China denies making impossible demands for collapsed US$14 billion infrastructure deal with Pakistan
Beijing did not ask for ownership rights to Diamer-Bhasha dam, unnamed official with state planning agency says
Viola Zhou Wendy Wu UPDATED : Friday, 8 Dec 2017, 11:19PM
China does not accept Pakistan’s claim that Islamabad decided to cancel a US$14 billion infrastructure deal with China because Beijing was making demands that were impossible to meet, state media reported on Thursday.
The Chinese government did not ask for ownership or operation rights to the Diamer-Bhasha dam, or seek to take another Pakistan dam in exchange for striking an agreement with Islamabad, Xinhua quoted an unnamed official from China’s National Development and Reform Commission (NDRC) as saying.
The Diamer Bhasha dam on the Indus river in Gilgit-Baltistan, Pakistan, is in the preliminary stages of construction. Photo: Handout
The conditions “did not exist”, the official said. “The reports by Pakistani media contained factual mistakes … or they only reflected the stands of individual officials”.
Pakistani media reported last month that the project was excluded from the China-Pakistan Economic Corridor (CPEC) framework because Islamabad was unable to meet China’s “strict conditions” for agreement.
The Chinese conditions were “not doable and against our interests”, Pakistan’s
Express Tribune quoted Water and Power Development Authority chairman Muzammil Hussain as saying on November 14.
Hussain said the conditions centred on project ownership, operation and maintenance costs, and possibly giving China operational rights to another Pakistani dam, the report said.

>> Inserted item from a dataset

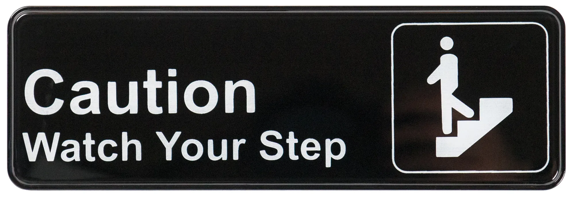 Built for precision and longevity with the Winco Information Sign, this essential safety tool is designed to enhance the safety and efficiency of your restaurant environment. The sign, model SGN-326, features a clear and concise message: "Caution: Watch Your Step," imprinted in white on a durable black background. Measuring 9 inches by 3 inches, this sign is the perfect size to catch the attention of both staff and patrons without being obtrusive.

The official from the NDRC, an agency under the State Council with broad administrative and planning control over the Chinese economy, was quoted as saying that the two governments were still in touch regarding cooperation on the Diamer-Bhasha dam, although the facility was not part of the CPEC plan.
The dam, on the Indus river in Gilgit-Baltistan, Pakistan, is in the preliminary stages of construction.
The official said Chinese companies had made large investments to generate profit from the Gwadar Port since taking over management rights. Gwadar Port, a deep-sea port on the Arabian Sea at Gwadar in Pakistan’s Balochistan province, is seen as vital to the US$57 billion CEPC plan and a crucial element of China’s massive trade and infrastructure undertaking, the “Belt and Road Initiative”.
A Pakistani soldier stands guard during the opening in 2016 of a trade route linking Gwadar Port to Kashgar in the western Chinese region of Xinjiang. Photo: AFP
Despite the recent disagreement, China and Pakistan continue to discuss and develop the CPEC plan, which is considered vital to the opening up of trade along land and sea corridors linking Asia, Africa and Europe.
Officials from the two countries last month held their seventh joint cooperation committee meeting on projects related to it. Minutes of the talks highlighted the need to provide accurate costings for one scheme – the upgrading of the Peshawar to Karachi railway line – to avoid problems at the implementation stage, according to a report by Pakistan’s
Dawn newspaper.
Li Peng, managing director of Pak China Investment Co – a company set up by the two countries to facilitate funding for projects in Pakistan – said officials from China’s embassy in Islamabad regularly held meetings with Chinese companies to coordinate the development of projects.
At a forum held at the end of last month, he said that Chinese firms were keen to invest in the CPEC, whose projects would be beneficial to Pakistan’s economy, but that many of them needed to do more preparatory work.
“Chinese firms should carry out more research into such things as the local culture and legal issues before launching construction projects,” he said.
Several Chinese banks, including the Export-Import Bank of China, China Development Bank, and Industrial and Commercial Bank of China, are major lenders to CPEC projects.
Hu Zhiyong, a research fellow with the Institute of International Relations at the Shanghai Academy of Social Sciences, said the construction of Diamer-Bhasha dam would not be likely to proceed until after the elections in Pakistan and that construction work was likely to be handled by China.
Chu Yin, an associate professor at the University of International Relations in Beijing, said that although Pakistan was involved in the development of large-scale infrastructure projects it did not have China’s financial muscle and was therefore more sensitive to funding problems.
“China and Pakistan hold different views on risk sharing, and there are some voices in Pakistan that China should give more preferential treatment [to local firms] on infrastructure projects,” he said.
“At the initial stages of bilateral cooperation, the strategic significance [of projects] outweighs the commercial considerations. But now the focus is turning to the commercial terms,” he said.